# Armoured and Artillery Officers



## CanForceOfficer (11 Feb 2010)

Greetings everyone,

I just signed up to the forums today after several hours of searching.  I was just curious if there are any Armoured or Artillery officers active here that wouldn't mind fielding some questions via PMs.  I am currently a purple trade and seriously considering a voluntary reassignment (not MOC qualified yet) to either Armoured or Artillery officer and I'm hoping to speak directly to people that actually do the job before making any decisions.  I am in the reg force so preferably someone who can comment from that angle.

Thanks


----------



## Steel Badger (11 Feb 2010)

Friendly hint, your user name indicates that you are an officer in the CF. Some folks might take offence to that.
I am not calling you a walt, you are probably just very keen on gaining a commission.....
My  :2c:

Cheers

SB


----------



## Flap Jack (11 Feb 2010)

Steel Badger said:
			
		

> Friendly hint, your user name indicates that you are an officer in the CF. Some folks might take offence to that.
> I am not calling you a walt, you are probably just very keen on gaining a commission.....
> My  :2c:
> 
> ...



I think he means signed up to the forum.
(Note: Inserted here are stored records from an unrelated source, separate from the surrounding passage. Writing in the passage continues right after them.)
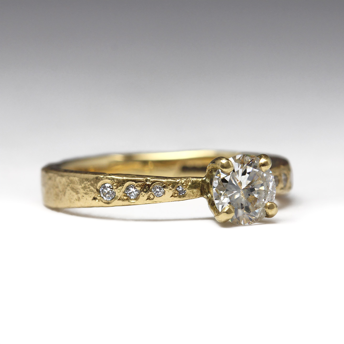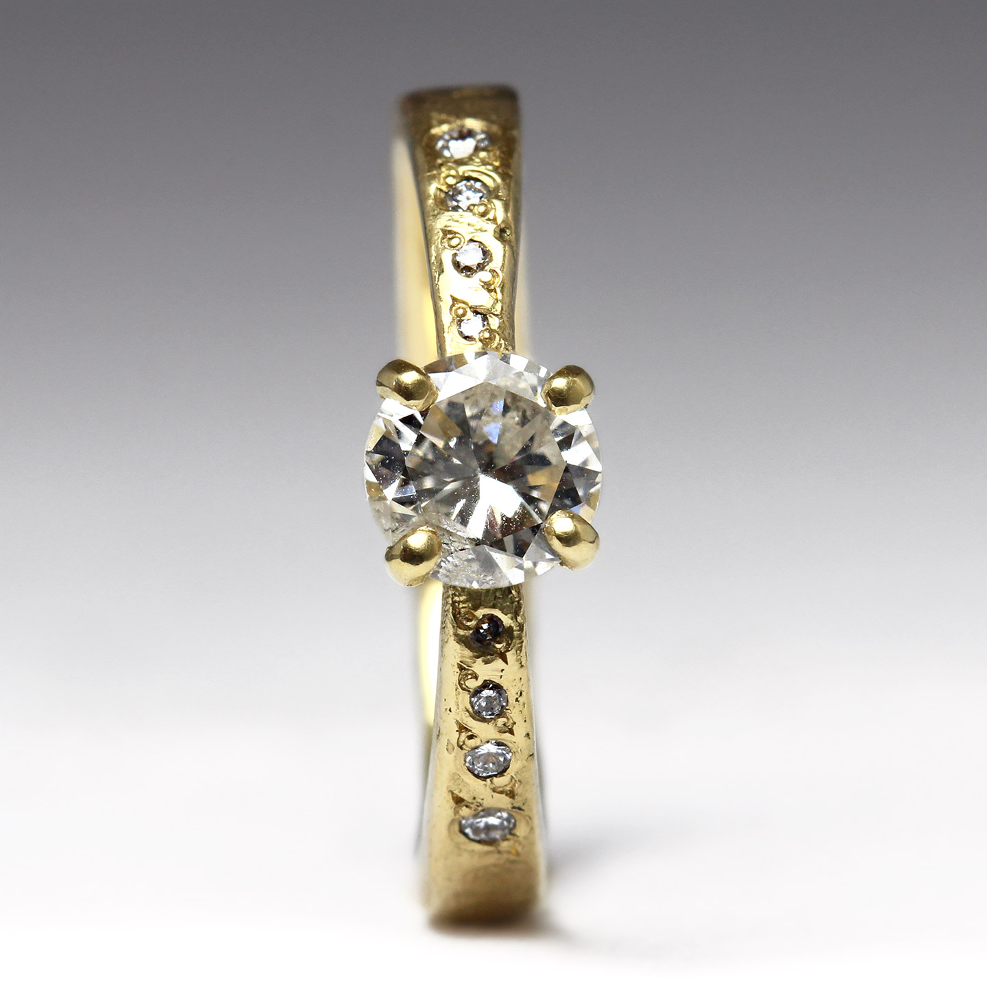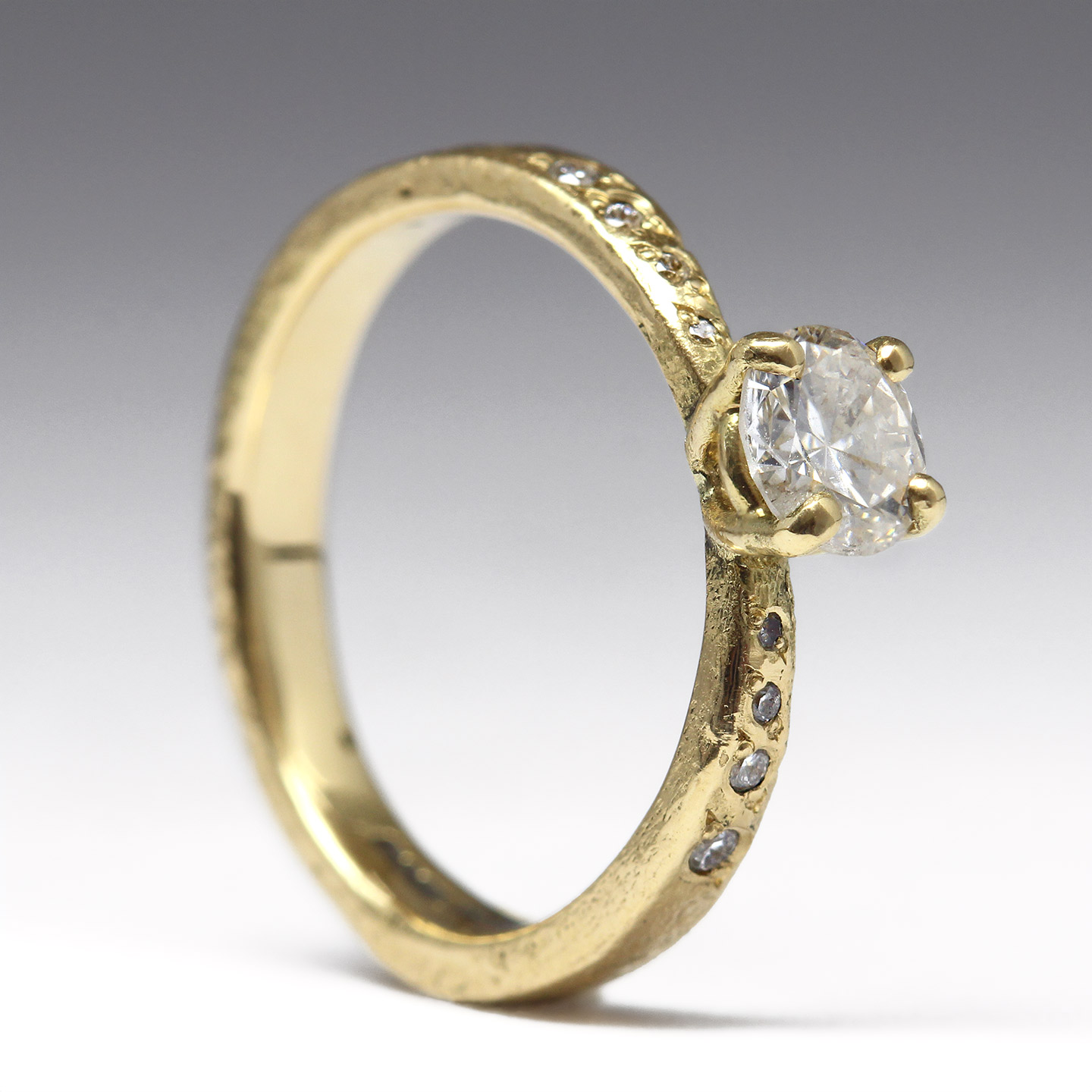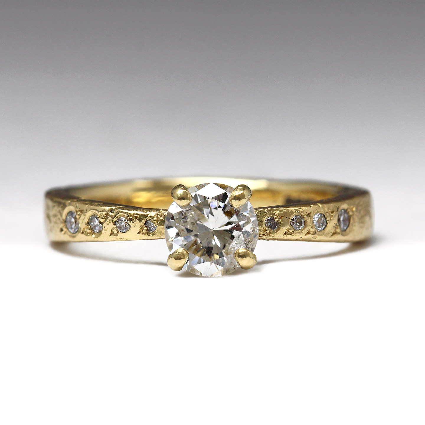 18ct Yellow Gold Sandcast Engagement Ring with Heirloom White Diamond & Eight Bead Set Vintage Diamonds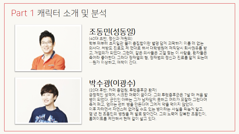 개인적으로 방영할 때 본 드라마가 아니라, 누군가의 추천으로 우연히 접하게 된 드라마였는데, 나의 인생드라마 세손가락에 들만큼 좋아하게 된 드라마다. 이 드라마는 정신질환을 가진 ‘특별한’ 사람들의 이야기가 아닌, 트라우마들을 하나 둘씩 가지고 있는 나 혹은 우리들의 이야기다.
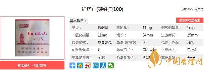 三、紅塔山硬經典100香煙參數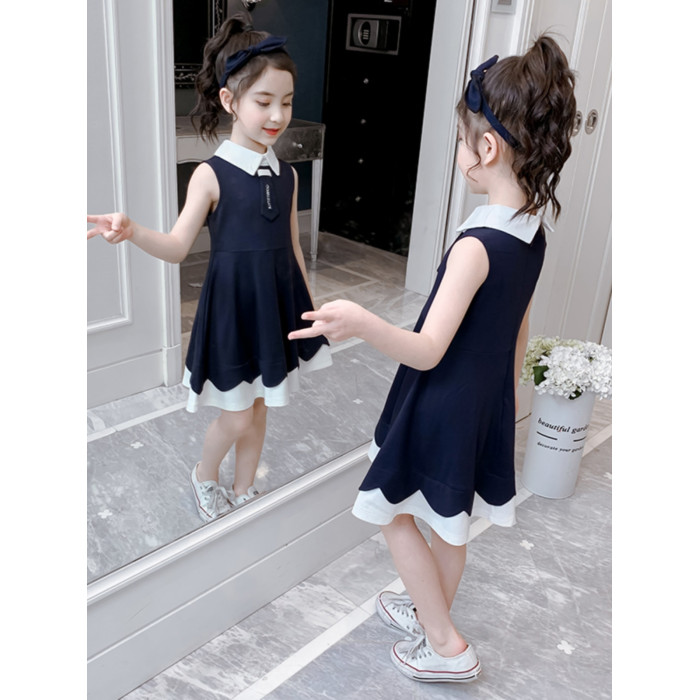 韓國女童連衣裙純棉夏裝2025新款夏季女孩無袖公主裙兒童背心裙子

His profile has his military experience listed.


----------



## Steel Badger (11 Feb 2010)

Ahhh yes, noted

Must be my Mess Tin syndrome! :-X


----------



## CanForceOfficer (11 Feb 2010)

I am indeed already a commissioned officer.  Have been for over a year now, before that I was a Master Bombadier in the reserves.  Im looking at changing MOCs and want to talk to some people that are already doing the jobs.


----------